Why Your Resume Should Have a Summary Section

A great way to start a resume is with a summary section. This section provides the primary sales pitch to get a hiring manager excited and interested in your resume. Without a summary section, it’s difficult to grab attention fast and keep it.

The resume I read today illustrated how important a summary section is.  The resume was from a sales professional with around five years of experience.  The resume started with candidate’s work experience.  Although work experience is extremely important, you are limited in your presentation if you lead off with a work experience section.

The problem with starting a resume with your work experience results from the order of the information.  You need to put your experience in reverse chronological order.  This puts the most recent position at the top. 

If your most impressive experience is listed under your most recent job, you’re in good shape.  Often, your best selling points will be scattered throughout your career and your resume.  This is where a summary section helps.  You can gather the most important elements and list them separately at the top of your resume.

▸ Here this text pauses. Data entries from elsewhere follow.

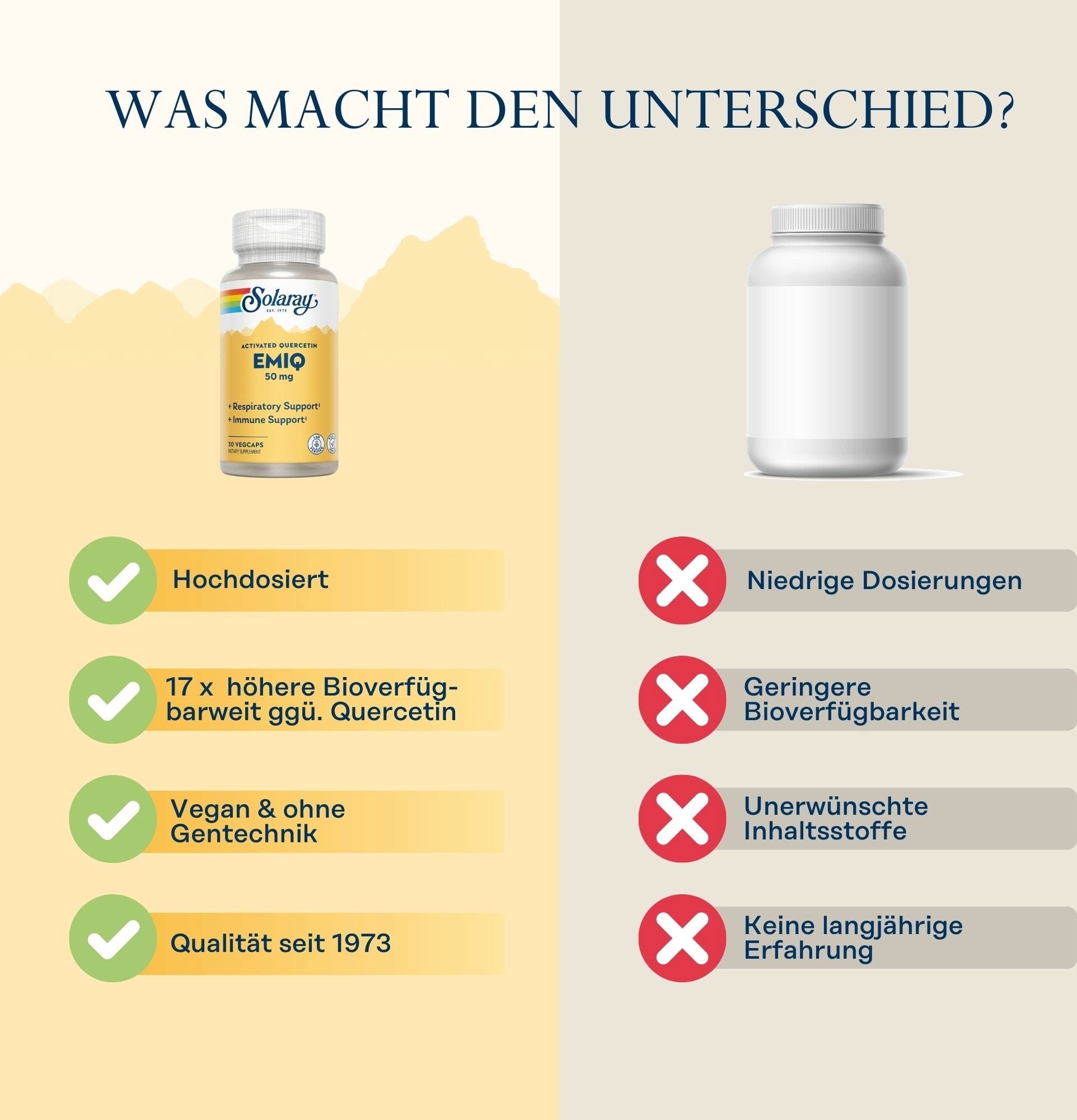 Eine glorreiche Kombination aus Quercetin, Hesperidin und Rutin abgefüllt in pflanzliche Kapselhüllen. Isoquercitin enzymatisch modifiziert.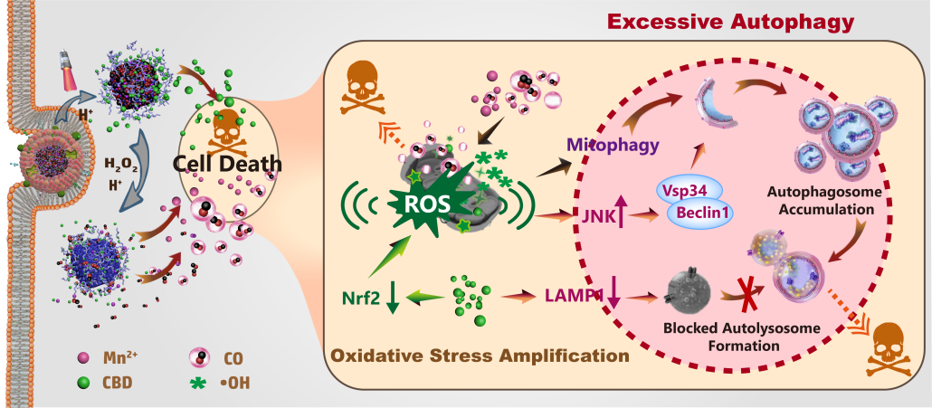 1)发现大麻来源的活性小分子CBD调控TNBC细胞的自噬进程。基于CBD和CO供体构建了仿生CBD协同CO纳米制剂,利用CBD对Nrf2的调控放大CO对线粒体的氧化应激刺激。其次,纳米制剂通过调控ROS/JNK/Beclin1通路和下调LAMP1增强自噬小体的积累和破坏自噬溶酶体的形成,最终导致细胞过度自噬而改善TNBC治疗。相关工作于2023年5月发表于Acta Pharmaceutica Sinica B杂志,论文第一作者为博士生肖畅,通讯作者为ok1122诸侯快讯刘斌教授、中国农业科学院麻类研究所朱爱国教授和美国德克萨斯大学陈伟教授。(论文链接:https://doi.org/10.1016/j.apsb.2023.05.019)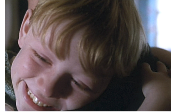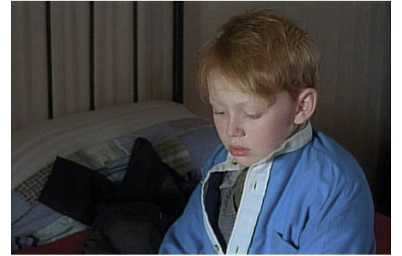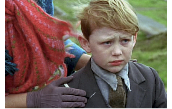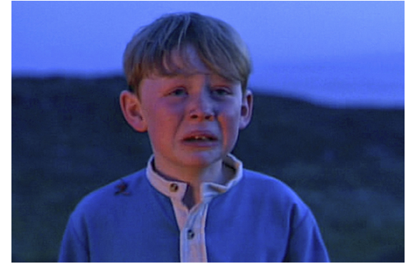 ママが病院に行くと、トマスは近所のおばさんの家に預けられた。病院からは、詳しい連絡は何もない。寂しくなって家に戻った時、ジプシーの物売りお婆さんから、ママを喜ばせようと極彩色のテーブルマットを、おばあちゃんの形見の櫛と交換する。そして、いよいよ病院に行けると分かった時、そのマットを胸に抱いて行く。病院に行くと、ママは力なくベッドに寝ている。それでも、トマスに、「きれいな色がいっぱい。感じられる?」と訊き、トマスが頷くと、「よかった。眠れるわ」と言って目を閉じる。心配でたまらなく「ママ」と何度も呼ぶが、憔悴しきったアレックの「トマス。お行き」の言葉に従う。しかし、廊下で牧師が「我々に、勇気をお与え下さい。モイアを召される時に」と祈るのを聞き、一目散にママの元に。そして「死なないで!」と泣き崩れる(これまで見た泣いた表情で、一番すごい)。アレックの「行け」との言葉に泣きながら従うトマス。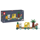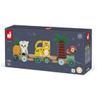 Pull along tropical train by Janod. The train to the tropics is arriving at the station. A 2 in 1 development toy, this pull toy is also a construction game: the 3 wagons are removable and 11 pieces can be stacked to assemble a palm tree, a lemur, a jaguar, a pineapple and a parrot on its perch. This walking toy is perfect for encouraging little ones to move around and helping them develop their gross motor skills. Part of Janod's Tropic collection.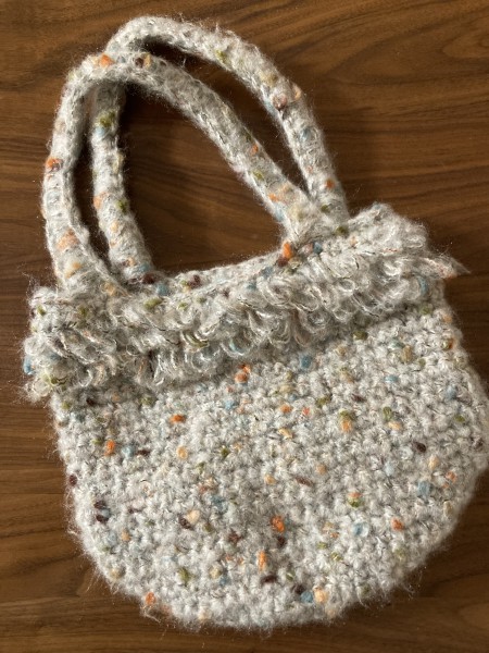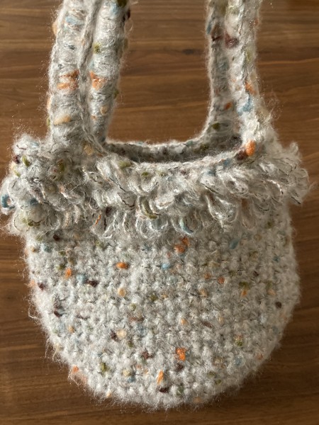 ループのふわふわデザインが可愛くて編みました。持ち手を編むのに苦労しました。

To illustrate this, look at the top of the resume I received:

<Employer Name>, Account Manager Sept. ’08 to Present

  • Manage the relationships with key prospects throughout my region, to ensure that is best placed to win major contracts and associated services
  • Coordinate internal resources to respond to RFPs and secure business from both new and existing customers
  • Establish and strengthen customer relationships through developing an intimate knowledge of individual accounts and key stakeholders

The candidate has been in this job for less than a year and lists a few responsibilities, but no accomplishments.  In sales, especially a field with large proposals that can take upwards of a year to win, it is difficult to show significant accomplishments in the first few months.  This leads to an unfavorable impression of the candidate at the very beginning.  He is a sales professional who has not had any success – not the kind of sales pitch that is going to get a person hired.

The core problem is how a hiring manager reads a resume.  Hiring managers scan resumes very quickly, focusing on the top of the resume.  They also will not assume a candidate is any better than what is presented, and will not assume a candidate has been more successful than the resume presents.

In the case of the resume excerpt above, a typical reaction will be to assume the candidate has been completely unsuccessful.  Otherwise, the candidate would have listed something about his success.  This leads to an impression in the first 15 seconds that the candidate is an unsuccessful sales professional.  The resume will probably be rejected at this point.

The truth is the candidate does have some impressive accomplishments.  Unfortunately, he is unlikely to get the opportunity to tell a hiring manager about them because his resume will be rejected at the start of the process.

The solution is easy.  Write a short summary section highlighting the key accomplishments and skills of the candidate.  This will get a hiring manager excited and motivated them to give a call.